Covert Douglas J, Wirostko William J, Han Dennis P, Lindgren Kevin E, Hammersley Jill A, Connor Thomas B, Kim Judy E
Retina Service of the Eye Institute, Medical College of Wisconsin, Milwaukee, USA.
Trans Am Ophthalmol Soc. 2008;106:171-7; discussion 177-8.
To identify preoperative, perioperative, and postoperative risk factors for scleral buckle (SB) removal.
A retrospective, consecutive, matched, case-control study. Cases included all patients undergoing SB removal between 1988 and 2007 at a single academic center. Case patients were matched against 4 randomly selected control patients who underwent SB implantation during the same year as the case patients. Odds ratios (ORs) were calculated for each factor investigated.
Forty cases of SB removal and 148 matched control cases were identified. Three cases of SB removal were omitted from analysis because of incomplete records. Factors associated with SB removal for any reason, according to univariate analysis, included concurrent globe-penetrating injury at the time of SB placement (OR, 24; 95% confidence interval [CI], 2.9-200), concurrent pars plana vitrectomy (PPV) (OR, 17.3; CI, 4.9-61), diabetes mellitus (DM) (OR, 7.3; CI, 1.8-30), prior long-term topical ocular therapy (OR, 4.3; CI, 1.7-11), and subsequent ocular procedures (OR, 3.4; CI, 1.5-7.5). Factors independently associated with SB removal according to multivariate analysis included concurrent globe-penetrating injury (OR, 27.3; CI, 1.7-426), concurrent PPV (OR, 11.3; CI, 2.9-45), DM (OR, 8.9; CI, 1.3-58), and subsequent ocular procedures (OR, 3.9; CI, 1.4-11). Factors that did not alter SB removal risk included patient age; sex; and type, size, or location of buckling elements used.

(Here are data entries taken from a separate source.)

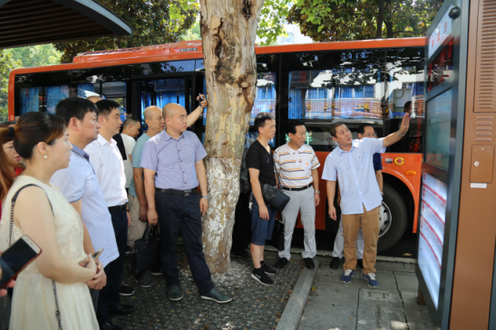 圖為調(diào)研團(tuán)一行在觀摩智能電子站牌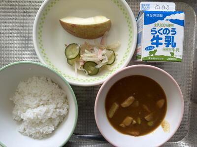 今日のメニューは、麦ご飯、カレー、だいこんサラダ、りんご、牛乳でした。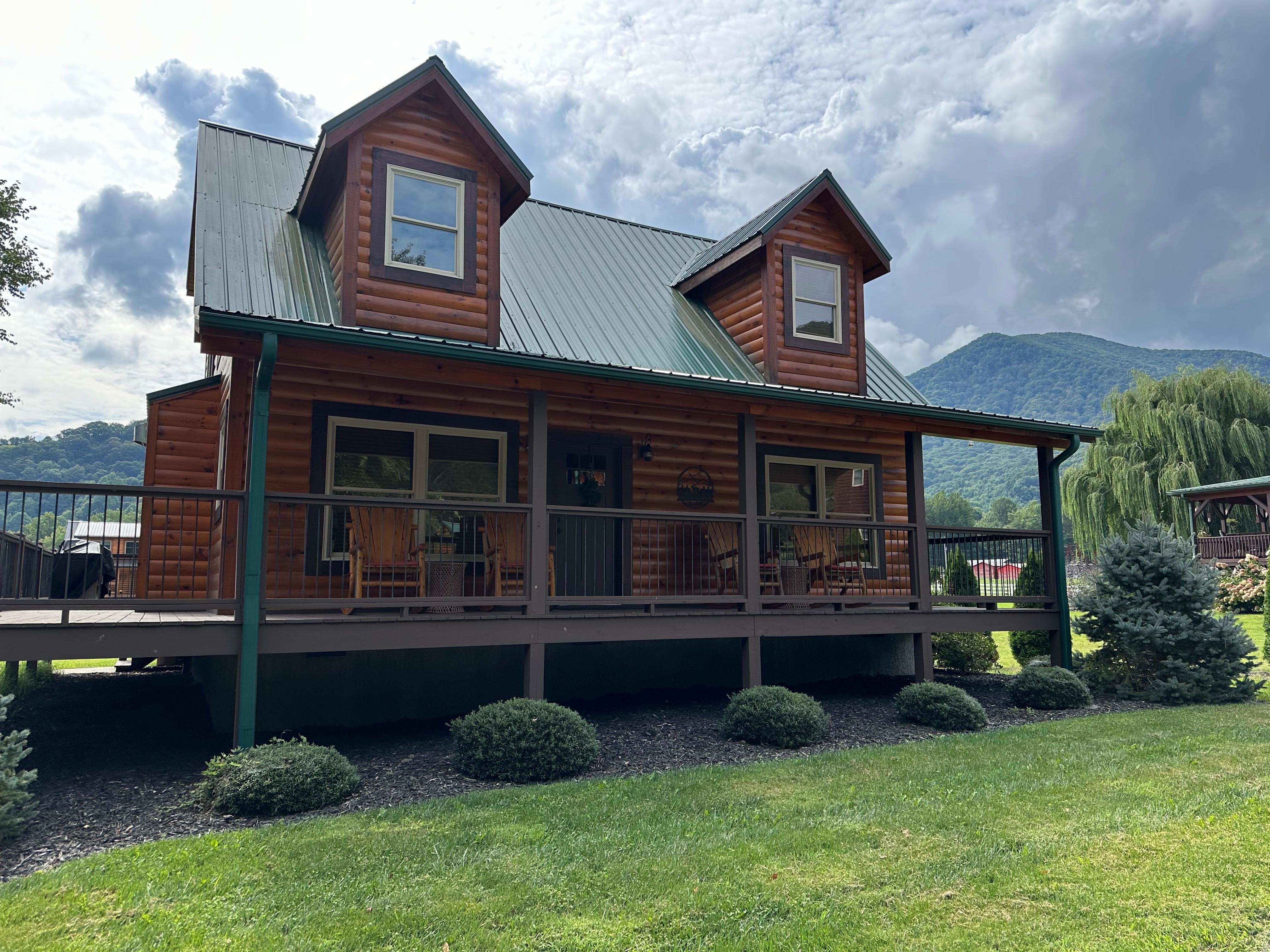 Picturesque setting with unobstructed year round wide open mountain views of the famous WATERROCK KNOB. The cabin has approximately 1450 sq feet of living area, plus it has a large wrap around deck in the front, back, and side. The cabin has rustic charm with an amazing mountain laurel weave staircase. Custom stone fireplace turns on at the touch of a button. The cabin has a large loft and family room both with 50" TV's and a beautiful full size kitchen with granite counter tops. Relax on the wrap around porch and watch the lightning bugs and the Elk graze in the meadow with the mountains as a backdrop, simply beautiful. Both bedrooms have plush king beds each with their own bath.

Awareness of these risk factors may be valuable for the surgical planning of retinal detachment repair in patients at higher risk for subsequent SB removal and for risk stratification subsequent to SB implantation.
确定巩膜扣带术(SB)拆除的术前、围手术期及术后危险因素。
一项回顾性、连续性、匹配的病例对照研究。病例包括1988年至2007年在单一学术中心接受SB拆除的所有患者。病例患者与4名随机选择的对照患者匹配,这些对照患者在与病例患者同年接受SB植入。计算所研究的每个因素的比值比(OR)。
确定了40例SB拆除病例和148例匹配的对照病例。由于记录不完整,3例SB拆除病例被排除在分析之外。单因素分析显示,因任何原因导致SB拆除的相关因素包括SB放置时并发眼球穿通伤(OR,24;95%置信区间[CI],2.9 - 200)、并发玻璃体切割术(PPV)(OR,17.3;CI,4.9 - 61)、糖尿病(DM)(OR,7.3;CI,1.8 - 30)、既往长期局部眼部治疗(OR,4.3;CI,1.7 - 11)以及随后的眼部手术(OR,3.4;CI,1.5 - 7.5)。多因素分析显示,与SB拆除独立相关的因素包括并发眼球穿通伤(OR,27.3;CI,1.7 - 426)、并发PPV(OR,11.3;CI,2.9 - 45)、DM(OR,8.9;CI,1.3 - 58)以及随后的眼部手术(OR,3.9;CI,1.4 - 11)。未改变SB拆除风险的因素包括患者年龄、性别以及所使用扣带元件的类型、大小或位置。
了解这些危险因素对于后续SB拆除风险较高的患者进行视网膜脱离修复手术规划以及SB植入后的风险分层可能具有重要价值。